SOME rare and threatened species are cute. Think southern brown bandicoots. Others, such as powerful owls, are impressive. Then there are the others that only a scientist could love. The tea tree fingers fungus is one of those rare species.
And Dr Sapphire McMullan-Fisher is one of those scientists. She has dedicated her career to something that very people know about, or could possibly care about if they did.
The indifference is no mystery to her. “It’s literally brown bumps on top of brown bark, smaller than a 50 cent piece,” she says, and laughs.
Small isolated populations have been found in the Western Port woodlands – Grantville, The Gurdies and Adams Creek nature conservation reserves – but in 30 years of monitoring never more than three specimens have been found at a time. They are always in small patches, isolated and threatened by human disturbance, land clearing, sand mining and fire.
In the summer of 2019, when fire roared through the Grantville bushland, it stopped just 100 metres from the only known population in that reserve. A bulldozer got to within 80 metres.
“This is the problem with rare species,” Sapphire says. “Those woodlands are so cleared you’ve got to raise awareness. Anything we have left is precious.”
“When we had shown photos of the kind of habitat where the fungus is found, people told us we should try French Island. We said we didn’t know if we would find anything but let’s give it a go.”
On their first day, 10 minutes after they started looking, at the first spot they went to, her colleague Dr Michael Amor called out: “What about this?”
And there it was. A tea-tree fungus. “Yes!” she shouted. The others thought she was joking. But they found nine fruiting fungi. Beyond their wildest dreams. And that wasn’t the end of it. During the lunch break Gardens’ horticulturist Penny Evans went exploring and found the largest-ever recorded population of the fungus, close to 100 – more than the total of all previous observations made on the mainland.

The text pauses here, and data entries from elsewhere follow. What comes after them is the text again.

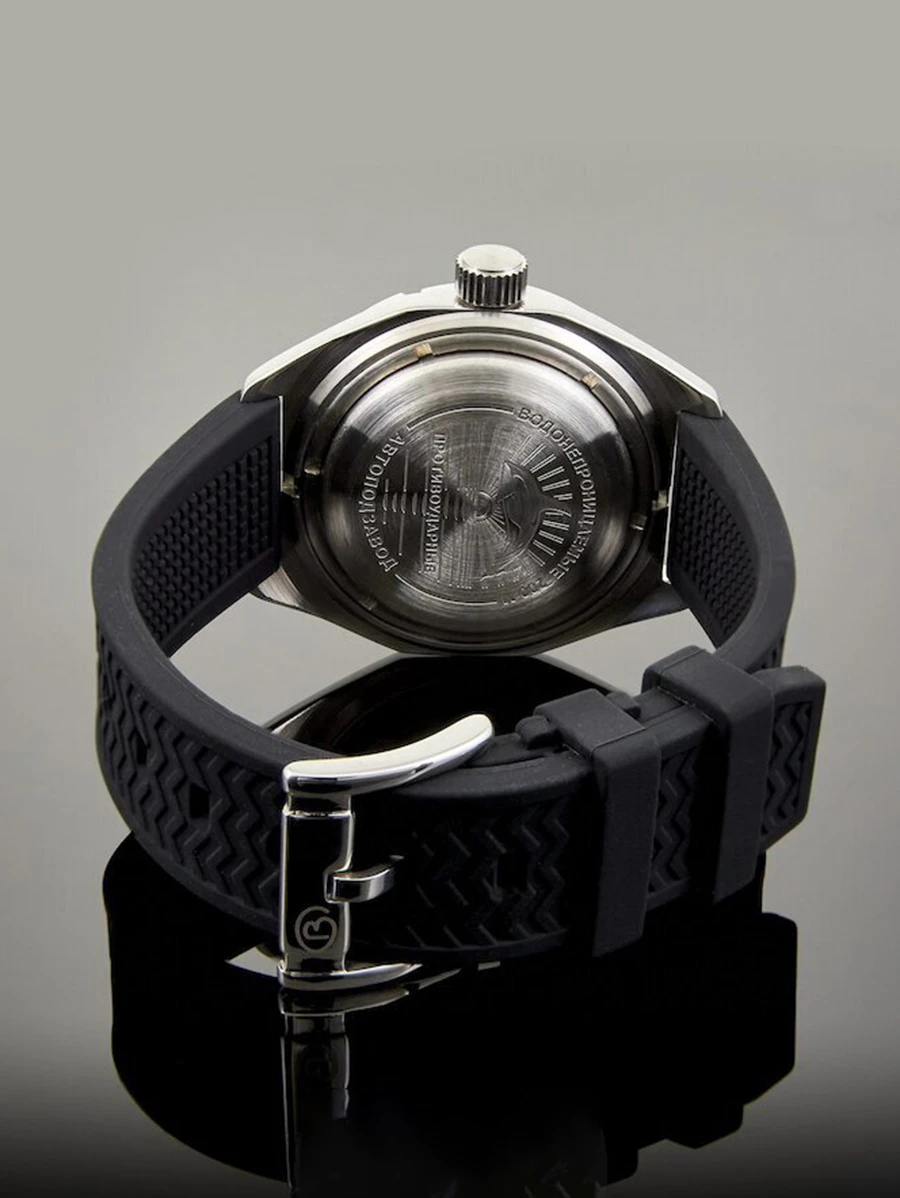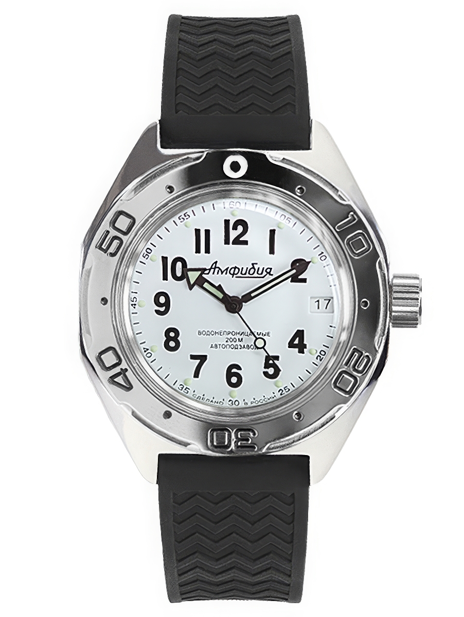 Мужские наручные часы Восток Амфибия 67070Б. Механические с ручным подзаводом. Полимерный ремешок. Натуральный полимерный материал является идеальным для изготовления ремешка благодаря своей чрезвычайной прочности и гибкости. Ударопрочная конструкция часов защищает от ударов и вибрации. Браслет из нержавеющей стали. Органическое стекло. Часы являются водонепроницаемыми до 20 Бар. Цвет циферблата: Серебристый. Цвет корпуса: Белый. На стрелки и отметки нанесен светонакопительный состав, благодаря этому считывать информацию с циферблата возможно и в темноте. Толщина: 15 мм. Гарантия: 1 год.
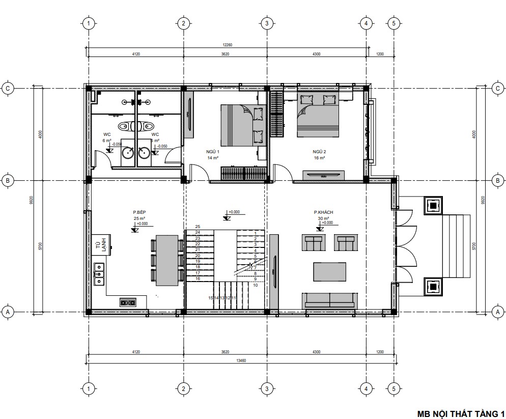 Bước từ ngoài vào là không gian phòng khách thiết kế rộng rãi với diện tích 30m2. Không gian phòng khách được thiết kế tối giản với các hệ cửa sổ tạo sự thoải mái và thoáng đãng cho ngôi nhà. Vào sâu thêm là khu vực cầu thang tiếp đến là bếp ăn (25m2), đối diện cầu thang là 2 phòng ngủ. 1 phòng ngủ lớn rộng 20m2 ( có WC riêng) và phòng ngủ nhỏ rộng 16m2 cùng 1 wc chung cho toàn tầng 1.
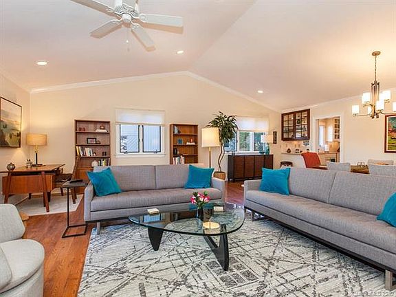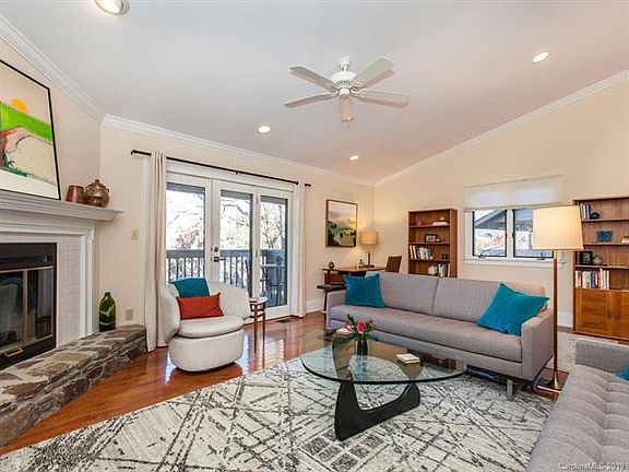 This condo has Blue Ridge Mountain views but is a few minutes drive to Asheville Country Club & downtown. Bright & sunny, has been extensively updated & is move-in ready boasting crown molding, granite & marble counters, custom window shades, gas fireplace & beautiful dark Oak hardwood flooring throughout. One level living with Master on main along with living-dining room, laundry room, kitchen, & attached garage. Large second living area with wet bar, finished exercise-bonus room, storage room plus 2 bedrooms & bath onlower level. Large covered decks on each floor for entertaining & watching the sunset. This maintenance-free, gated, lock-n-leave condo has an active & friendly HOA including a book club & socials. Monthly fees cover city water, extensive mature landscaping care, pest control, road maintenance, snow removal, exterior building maintenance, insurance, roof & crawl space care, clubhouse & pool.
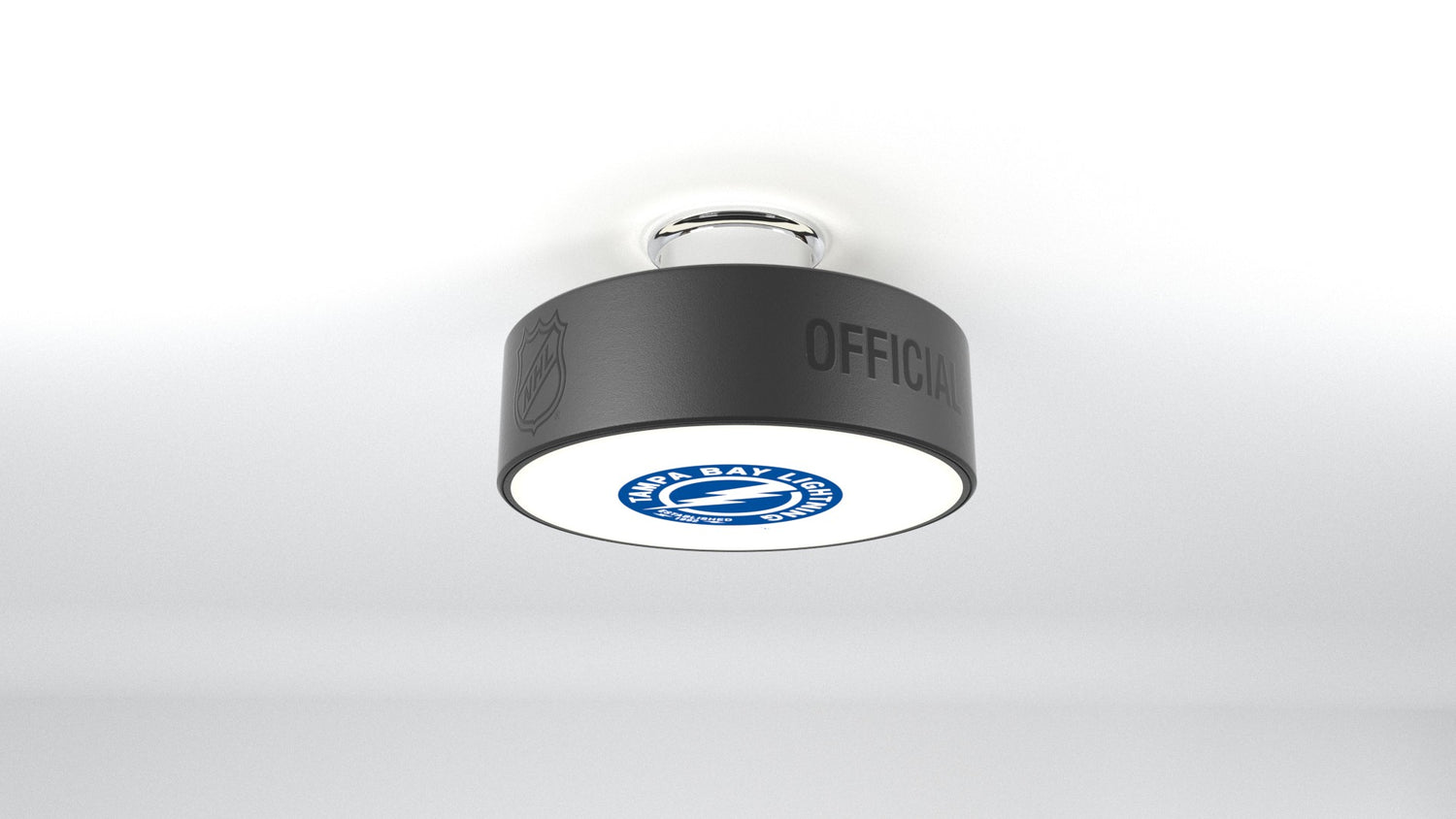 The Tampa Bay Lightning® hockey puck light fixture is designed to illuminate any of your favorite Tampa Bay Lightning® logos into any room.
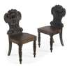 each cartouche shaped back boldly carved with lotus leaf and acanthus scrolls around a wild boar mask above a solid channel moulded seat, on turned and reeded tapering legs (2)
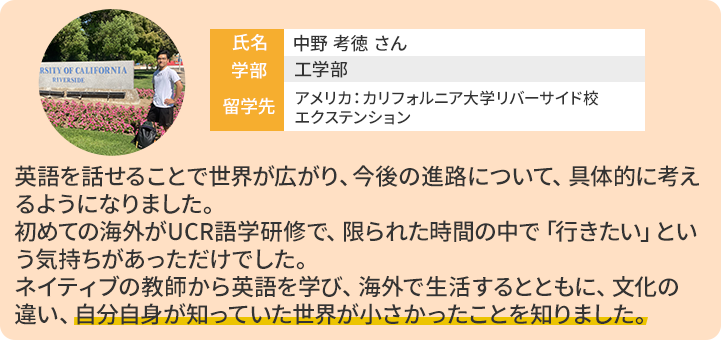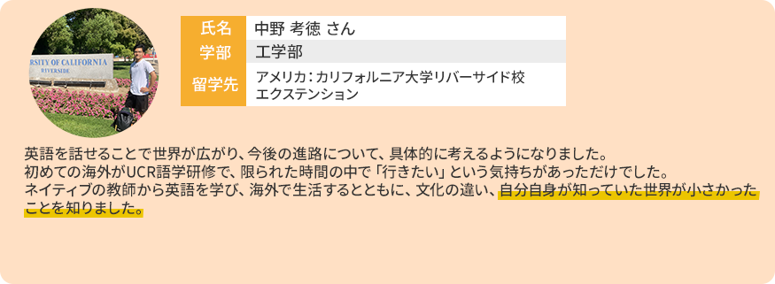 - ・カリフォルニア大学リバーサイド校(アメリカ):約4週間(8~9月)
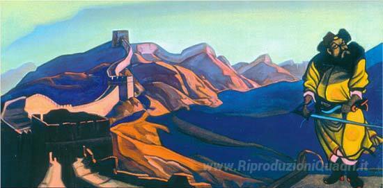 Ti offriamo una riproduzione artigianale su tela dell'opera famosa 'Eroismo della Cina' di Nicholas Roerich, dal Museo delle Riproduzioni.
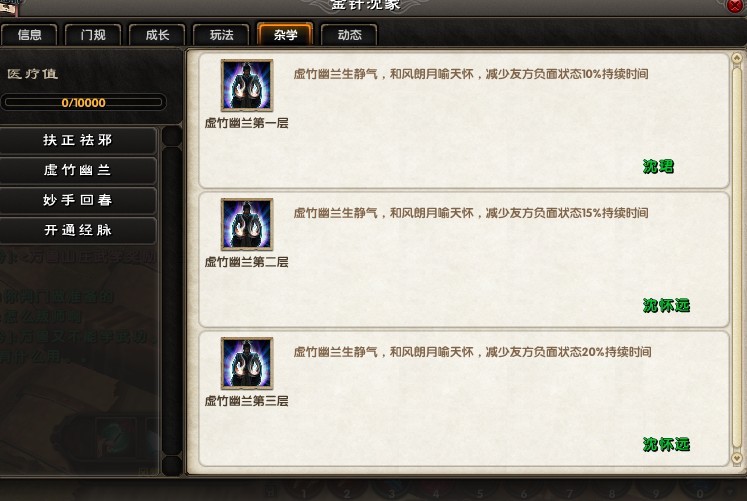 在这里只要介绍的是沈家的内功、招式和一些主要的玩法,1、首先通过内功和招式的介绍我们可以知道沈家是偏向辅助的方面也就是有点像传统网游的奶妈。
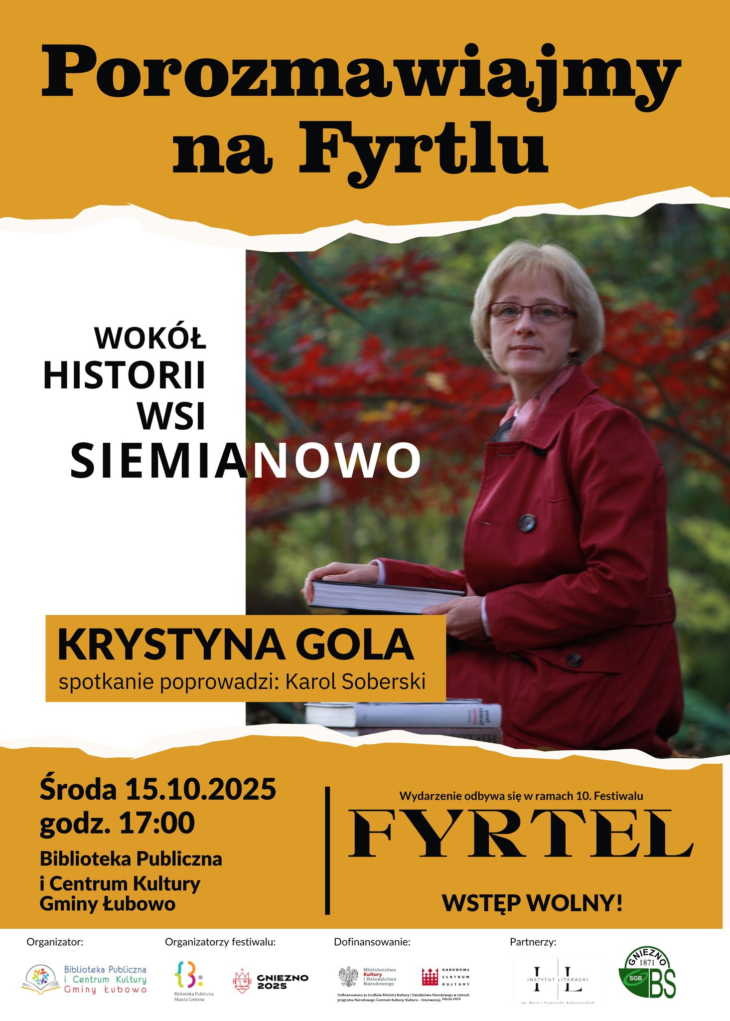 Gościem spotkania będzie Krystyna Gola – regionalistka, historyczka i autorka publikacji poświęconych dziedzictwu naszego regionu. Pochodzi z Siemianowa, mieszka w Gnieźnie. Jest nauczycielką historii i wiedzy o społeczeństwie oraz autorką książki „Tutaj, gdzie rosną stare drzewa” o historii Szkoły Podstawowej Tysiąclecia w Lednogórze. Współautorka opracowania „Dziedzictwo narodowe w regionie”.
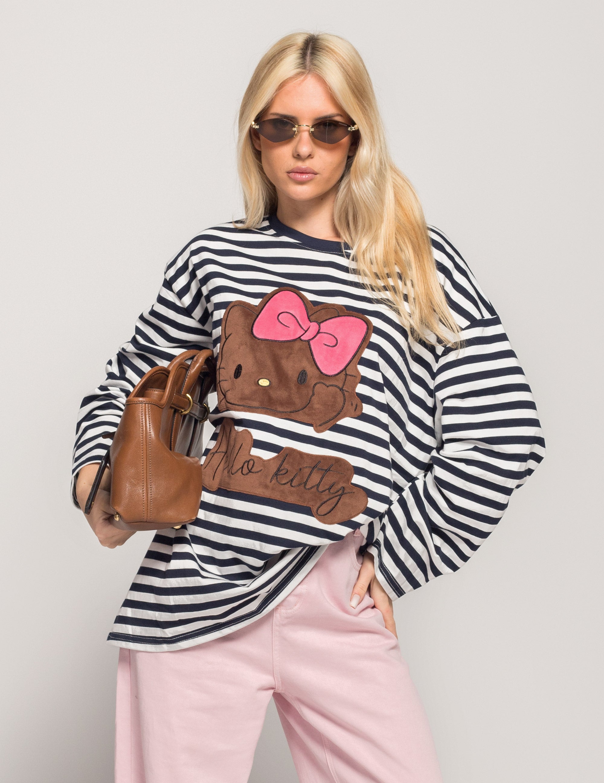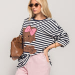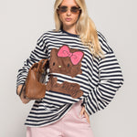 Sweat De Algodão Oversize Riscas Kitty
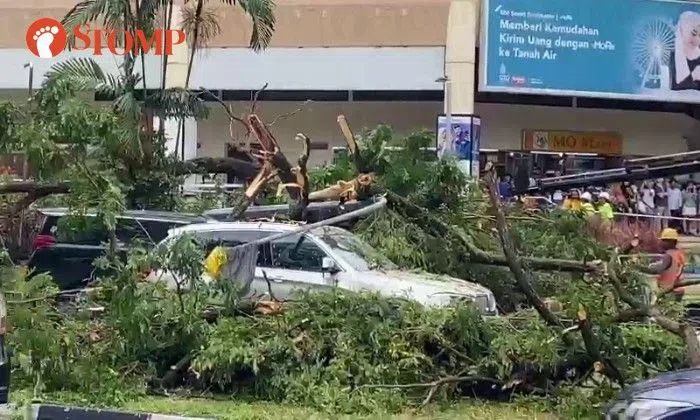 Passers-by rush to help after 20m-tall tree falls on vehicles outside City Plaza in Geylang

“It’s still critically endangered. Even vulnerable species become extinct … even common species.
“But there is relief. It is reassuring because they were found in a national park, it’s a large patch of bush, it’s less threatened, it’s managed for conservation.”
And it’s also the first real opportunity to study a population and work out why it’s successful.
“The problem with rare things is that you know so little about them because you don’t see them very often. You have less opportunity to understand them. Why are some populations so unhappy or not reproducing? Perhaps they are slow and steady whereas this population will perhaps be a boom and bust and in a couple of years there’ll be nothing. We don’t know.”
This weekend, Sapphire’s team and some local volunteers will return to the island. They will observe and monitor the known population, they will search for more fungi, and they will talk to residents of the island so they will be able to recognise the fungus if they see it.
With the program winding down soon, future discoveries will probably depend on citizen scientists. She encourages them to report their findings on Fungimap which also includes guides to identification.
July and August are best months for finding them because that’s when they reach their maximum size, not quite as big as a 50 cent piece.
Sapphire says people sometimes ask her why she’s so interested in the tea tree fingers fungus. “What does it actually do?”
“The answer is that we don’t know. It’s a micro parasite, a fungus that lives on a fungus that lives on tea tree. Fungi generally are important indicators of health. They’re part of the whole system.
“To me every living thing is valuable. Every time you lose a species from a system we don’t know what the consequences are, but we do know that when you lose lots of species across the board, things start to fail.”
She’s grateful for where the search for “her fungus” has taken her. “Some of those woodlands are amazing places where I get to go and look for this thing and see sundews and orchids and small birds. It’s so precious.”